13. Camunda Worker Egress
Camunda worker may need egress to:
- Camunda gateway;
- REST API;
- Zeebe gateway if applicable;
- Operate/Tasklist APIs if integrated;
- identity/auth endpoint;
- database/broker dependencies depending architecture.
Failure symptoms:
- worker activation fails;
- job backlog grows;
- process incidents increase;
- worker appears healthy but does no work;
- retries spike.
Policy must align with actual worker protocol and endpoint.
14. Observability Egress
Backend pods may need egress to observability components:
- OpenTelemetry Collector;
- log collector/agent path;
- metrics scraper target path;
- tracing backend;
- profiling backend;
- alerting sidecar if any.
If blocked:
- app still works but becomes blind;
- traces disappear;
- metrics missing;
- logs delayed or absent;
- incident debugging becomes harder.
Operational readiness requires observability paths to be intentionally allowed.
15. Cloud Service Egress
For EKS/AKS workloads, cloud service egress may include:
- AWS STS;
- AWS Secrets Manager;
- AWS SSM Parameter Store;
- AWS KMS;
- S3/SQS/SNS/EventBridge depending app;
- Azure AD token endpoint;
- Azure Key Vault;
- Azure Storage;
- Azure Event Hubs/Service Bus;
- Azure Monitor endpoints.
A cloud SDK error can be caused by:
- IAM/RBAC denied;
- DNS failure;
- network egress blocked;
- proxy missing;
- private endpoint DNS wrong;
- TLS trust issue.
NetworkPolicy debugging should separate network blocked from identity denied.
16. IPBlock Risk
NetworkPolicy supports ipBlock, but IP allowlists are risky in dynamic environments.
Risks:
- managed service IP changes;
- private endpoint recreated;
- failover changes IP;
- NAT/proxy path hides source/destination;
- cloud service uses large changing IP ranges;
- IP range too broad weakens security.
Use IPBlock carefully and verify internal standards.
Questions:
- Is this IP stable?
- Is it private endpoint IP?
- Is there a supported CNI FQDN policy extension?

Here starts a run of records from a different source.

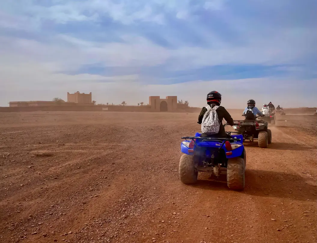 Les circuits permettent de parcourir de vastes zones du désert d’Agafay, d’atteindre des points de vue panoramiques et de découvrir des zones moins accessibles à pied. Les excursions sont systématiquement encadrées par des guides professionnels, avec des briefings de sécurité et des parcours adaptés aux débutants comme aux conducteurs plus expérimentés.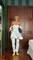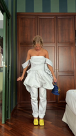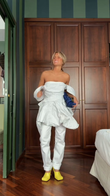This outfit features a white off-the-shoulder top with exaggerated puff sleeves, creating a voluminous, striking silhouette. Paired with white trousers, it adds a touch of simple sophistication. Bright yellow clogs add a pop of color and playfulness, while a blue handbag creates a striking contrast to the predominantly white look.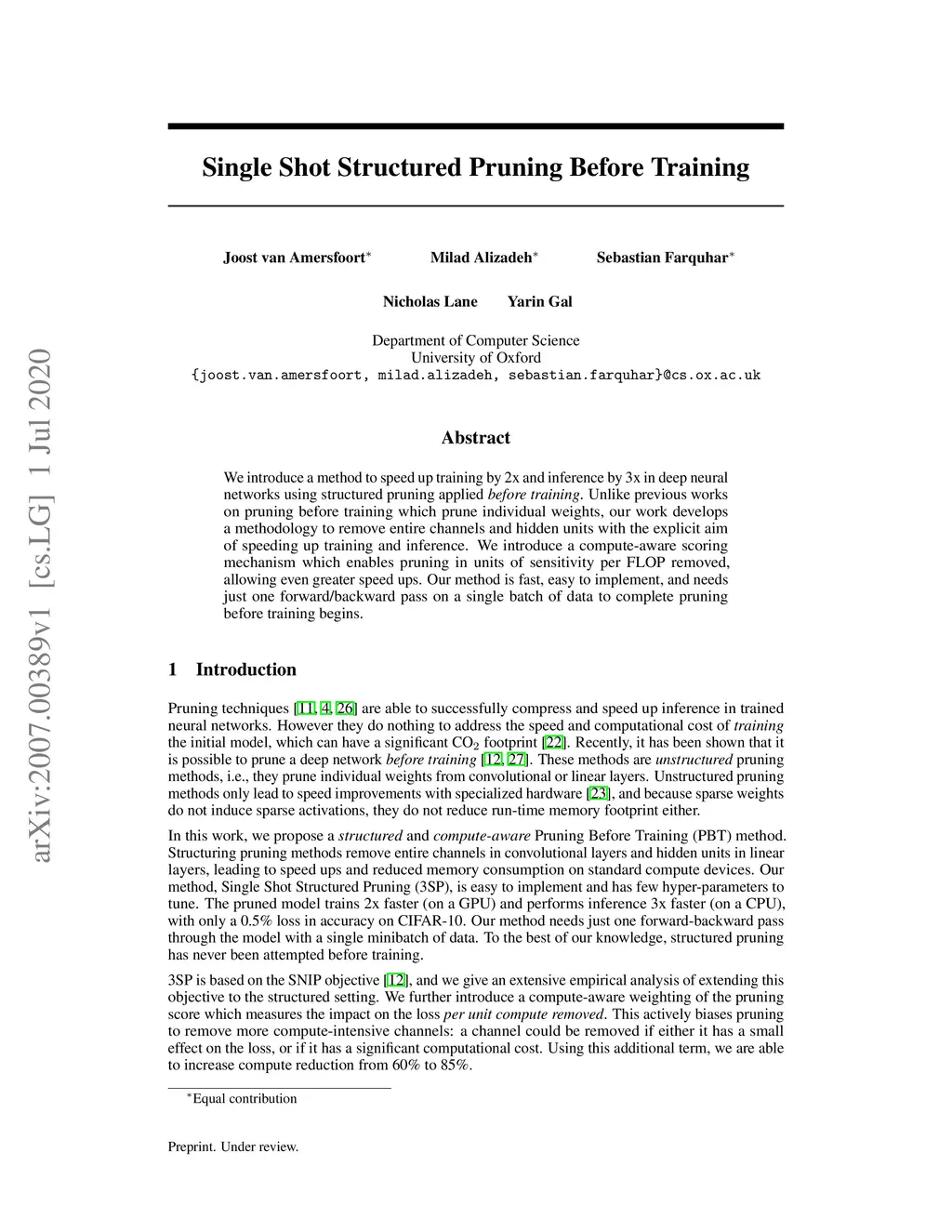 We introduce a method to speed up training by 2x and inference by 3x in deep neural networks using structured pruning applied before training. Unlike previous works on pruning before training which prune individual weights, our work develops a methodology to remove entire channels and hidden units with the explicit aim of speeding up training and inference. We introduce a compute-aware scoring mechanism which enables pruning in units of sensitivity per FLOP removed, allowing even greater speed ups. Our method is fast, easy to implement, and needs just one forward/backward pass on a single batch of data to complete pruning before training begins.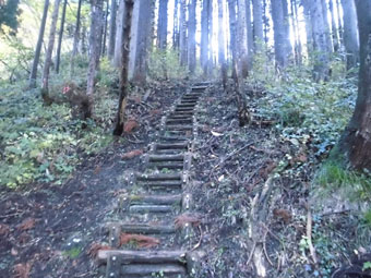| 杉林の中の階段。 |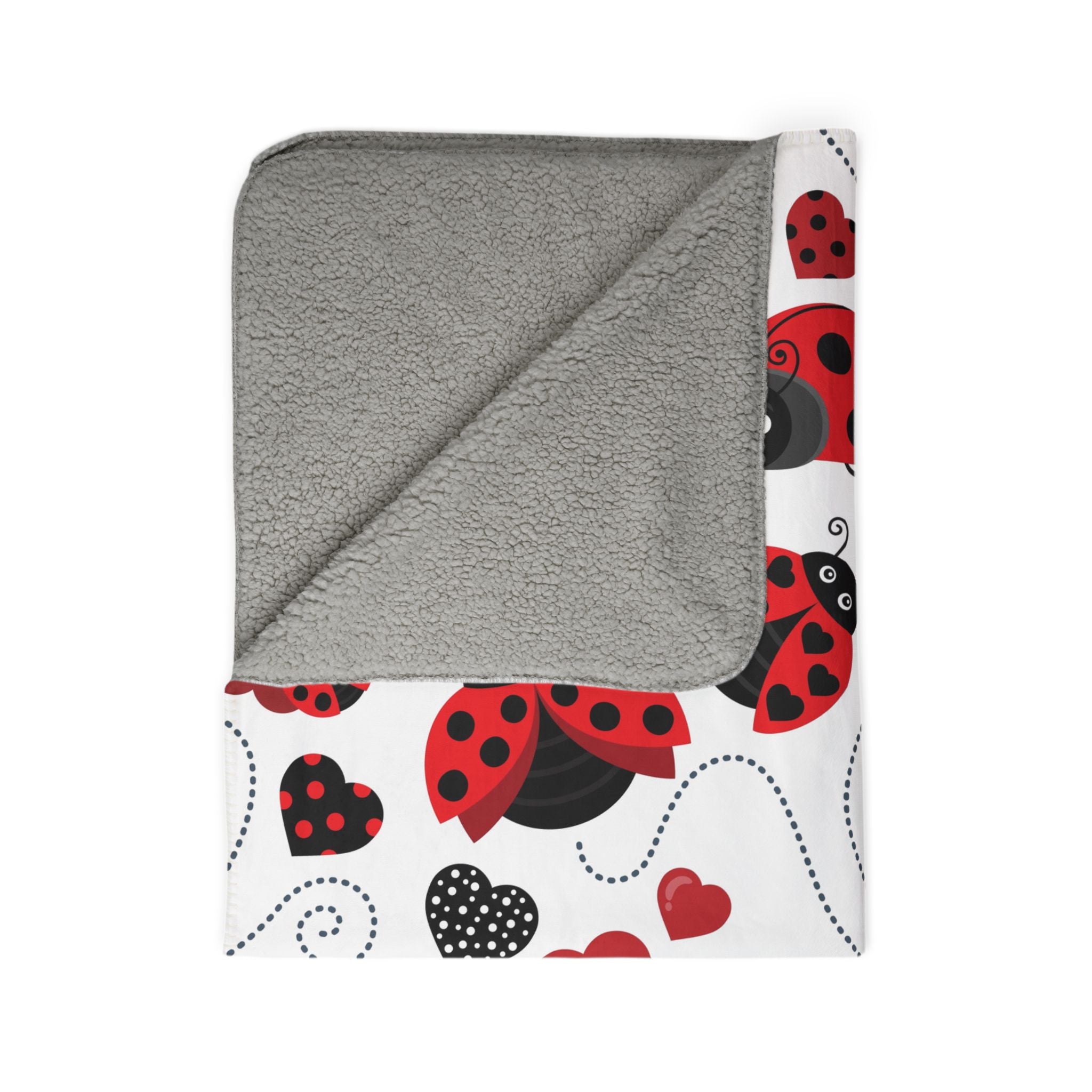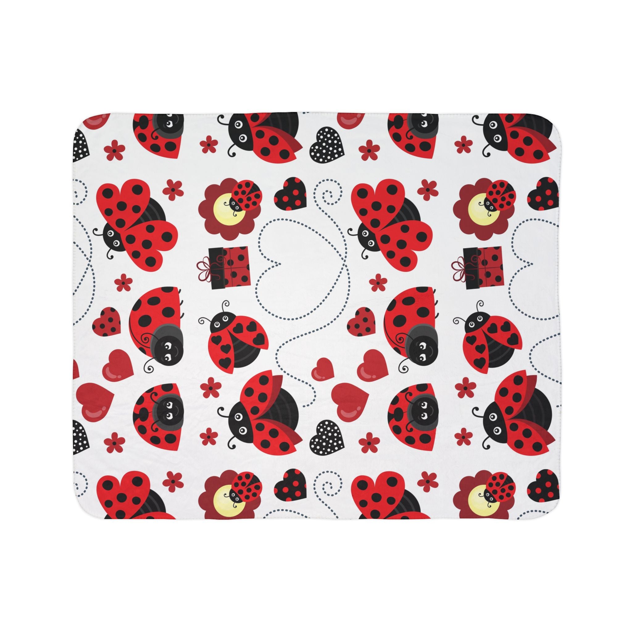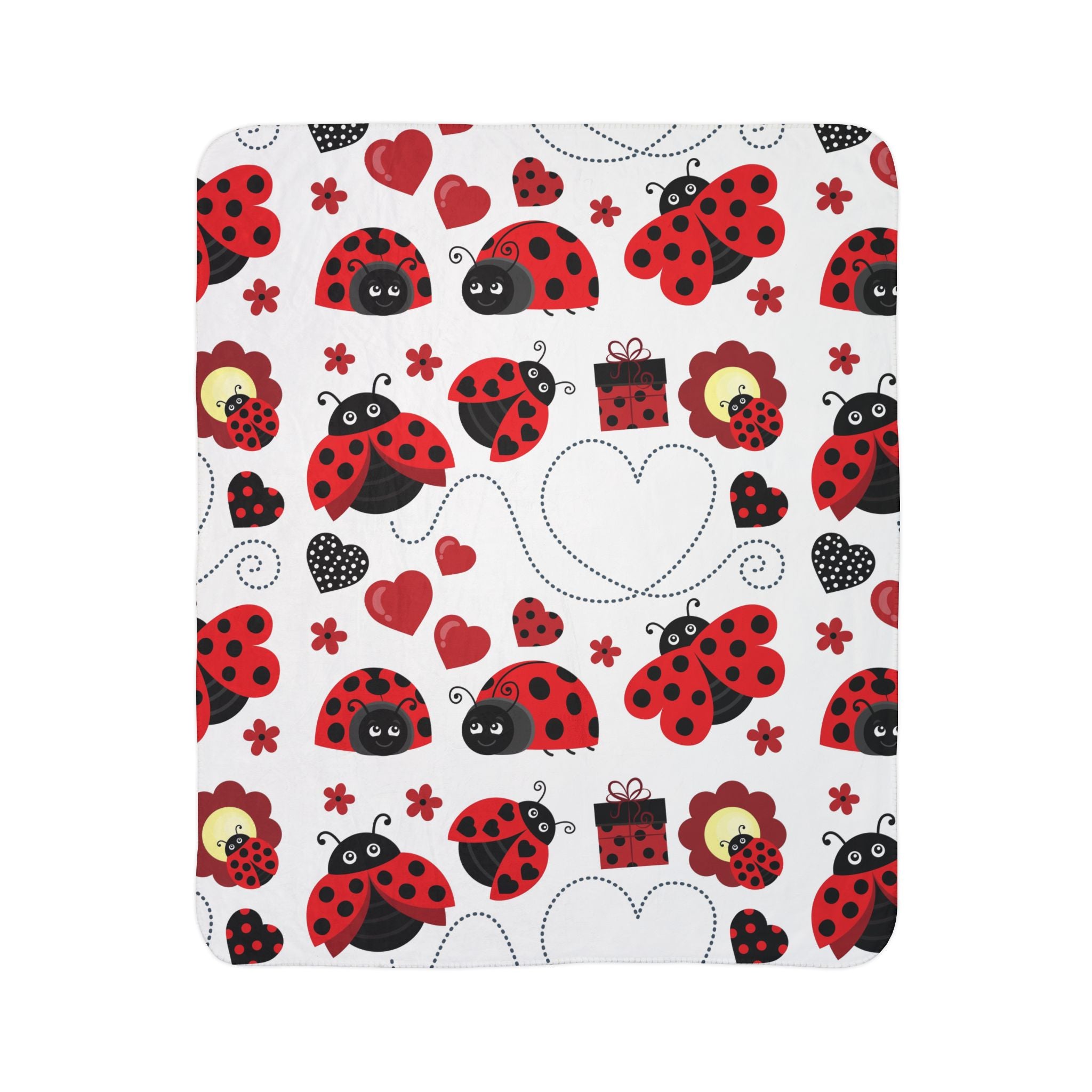 Curl up with a cozy, playful sherpa blanket that feels like a warm hug. Soft, plush fleece on both sides cradles you while bright, cheerful ladybug motifs dance across a clean white field — tiny hearts, gifts, and dotted flight trails add a handcrafted, whimsical touch. It’s the kind of throw that turns quiet evenings into small celebrations: movie nights, bedtime stories, or curling up with a book. Light enough to carry between rooms, yet dense and warm when you need it most. The hemmed edges and matched seam thread keep the design looking tidy after repeated washes. For anyone who loves charming accents and tactile comfort, this blanket brings a daily bit of delight and familiar warmth to the couch, nursery, or reading nook.

- Who owns update when IP changes?
- Is there alerting for blocked traffic?
17. Service vs Pod Selection Confusion
NetworkPolicy generally selects pods, not services.
A Service routes to pods through labels and EndpointSlice. NetworkPolicy then applies at pod traffic level.
Common confusion:
I allowed the Service name, why is traffic blocked?
Standard NetworkPolicy does not allow by Service name. Some CNIs provide extensions, but that must be verified internally.
Debugging sequence:
Client pod labels -> egress policy -> DNS -> Service ClusterIP -> EndpointSlice -> target pod labels -> ingress policy -> target port
18. Traffic Flow with NetworkPolicy
Both sides can matter:
- source pod egress policy;
- target pod ingress policy.
When service-to-service traffic fails, inspect both namespaces.
19. Production-Safe Investigation Flow
Important:
A timeout can be caused by egress deny, ingress deny, firewall deny, route issue, or dependency down.
NetworkPolicy is one layer, not the entire network.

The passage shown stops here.